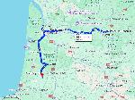 Là il me faut rouler un bon bout encore, jusque de l'autre côté de Bordeaux. J'attaque ma miche, elle est aussi bonne que belle. La maison est au bout d'un long chemin sous des arbres, purée tu m'étonnes que mon déflecteur est croûté, le S c'est beau mais trop haut.
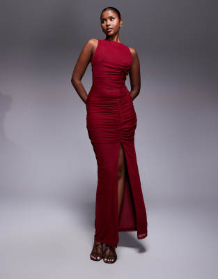 ASOS DESIGN strappy back ruched mesh maxi dress in dark cherry
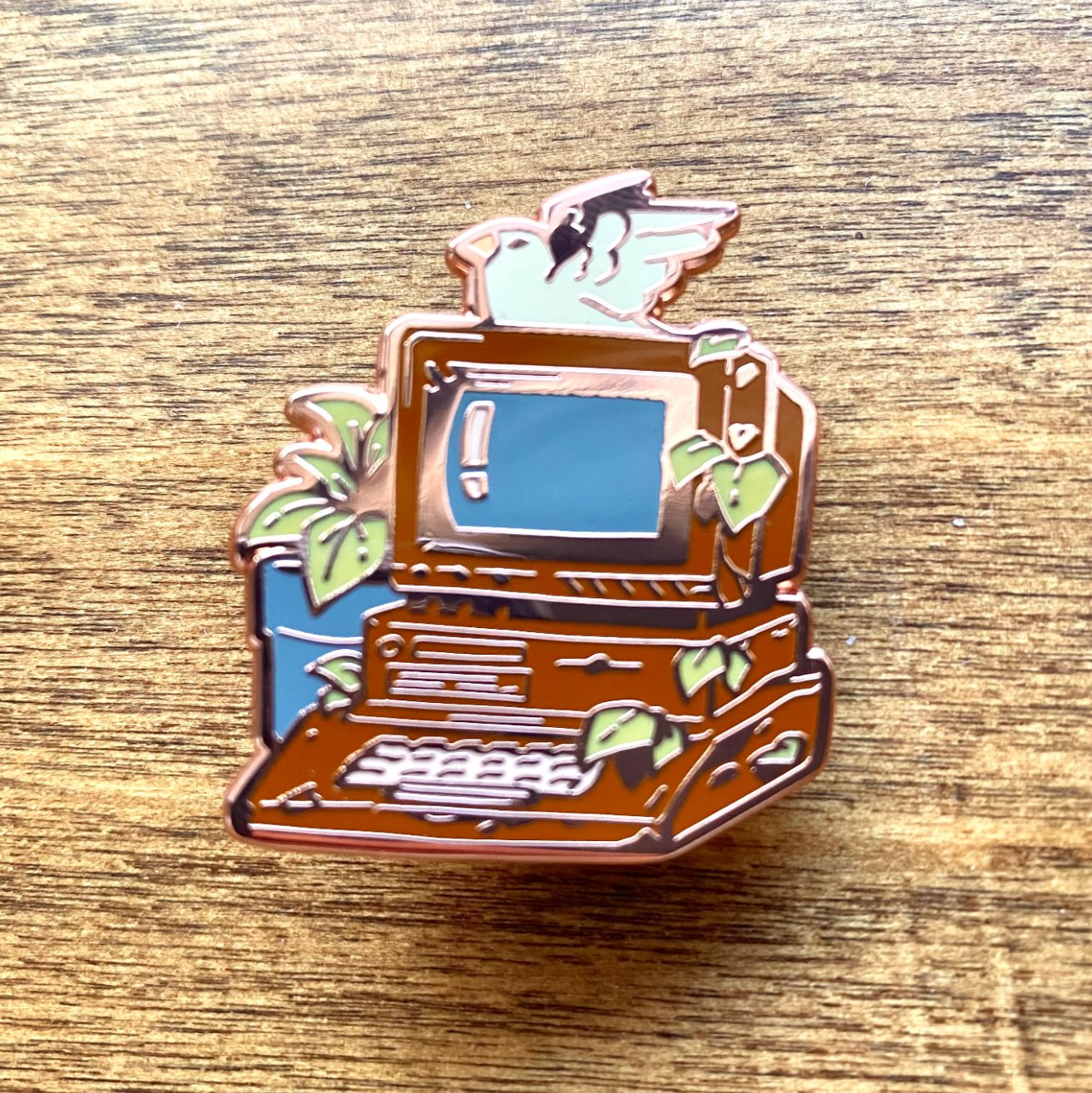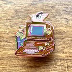 Enamel pins of nostalgic technology.
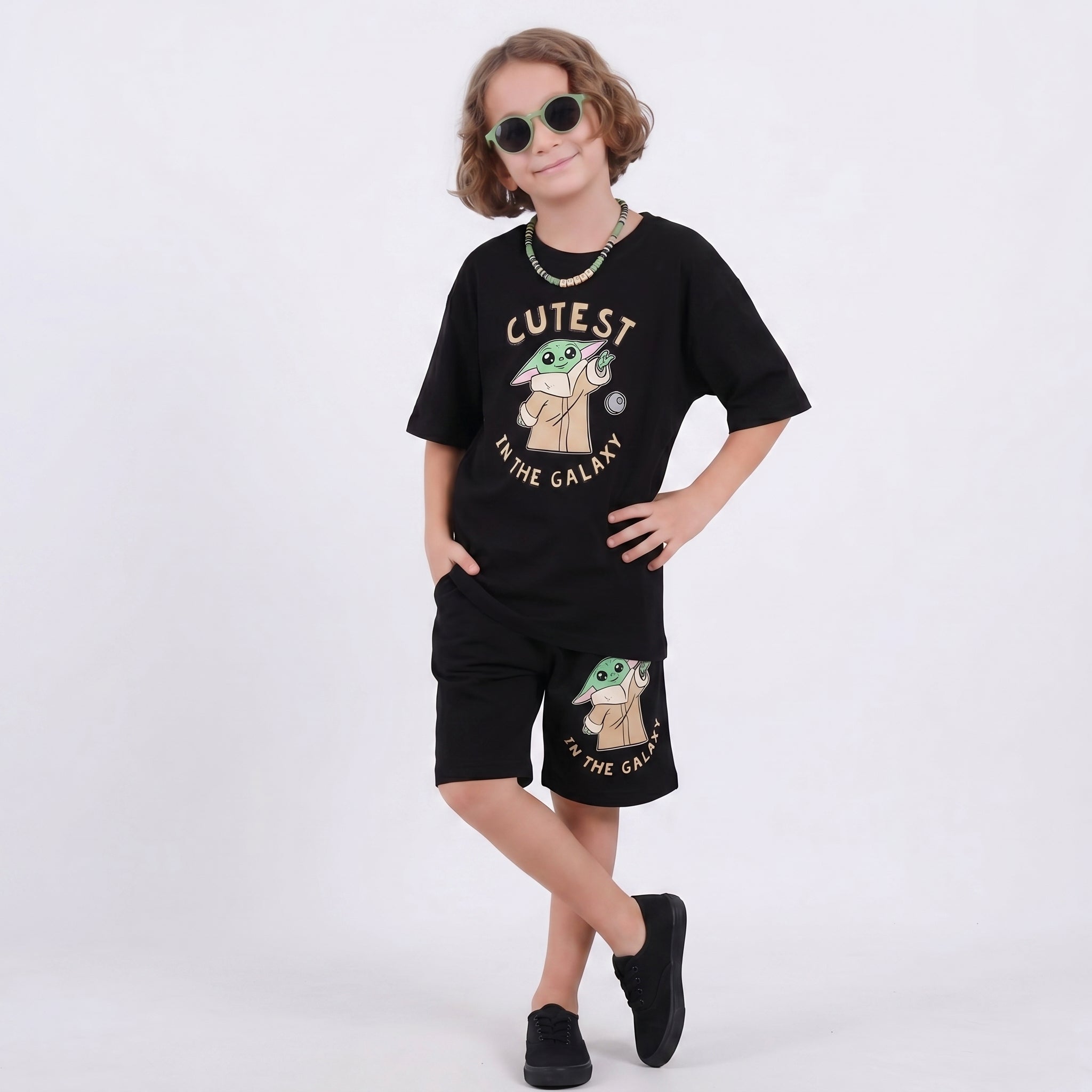 This 4-piece boys’ outfit set delivers a stylish layered look that’s perfect for both casual days and special occasions. It includes a printed T-shirt, a button-down shirt, a varsity-style cardigan, and a pair of classic jeans. Each piece can be worn together for a polished outfit or mixed and matched for versatile everyday styling.
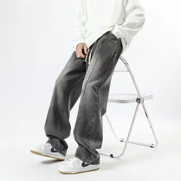 Be the first to review “Jeans Men Wide Leg Pants Denim Pant Gradation Straight Trousers Regular High Waist Splice Casual Loose Autumn Winter 2024”

+++++

Your objective
Leave out the images and write out the listing above exactly.

Exercise solution
 Là il me faut rouler un bon bout encore, jusque de l'autre côté de Bordeaux. J'attaque ma miche, elle est aussi bonne que belle. La maison est au bout d'un long chemin sous des arbres, purée tu m'étonnes que mon déflecteur est croûté, le S c'est beau mais trop haut.
 ASOS DESIGN strappy back ruched mesh maxi dress in dark cherry
 Enamel pins of nostalgic technology.
 This 4-piece boys’ outfit set delivers a stylish layered look that’s perfect for both casual days and special occasions. It includes a printed T-shirt, a button-down shirt, a varsity-style cardigan, and a pair of classic jeans. Each piece can be worn together for a polished outfit or mixed and matched for versatile everyday styling.
 Be the first to review “Jeans Men Wide Leg Pants Denim Pant Gradation Straight Trousers Regular High Waist Splice Casual Loose Autumn Winter 2024”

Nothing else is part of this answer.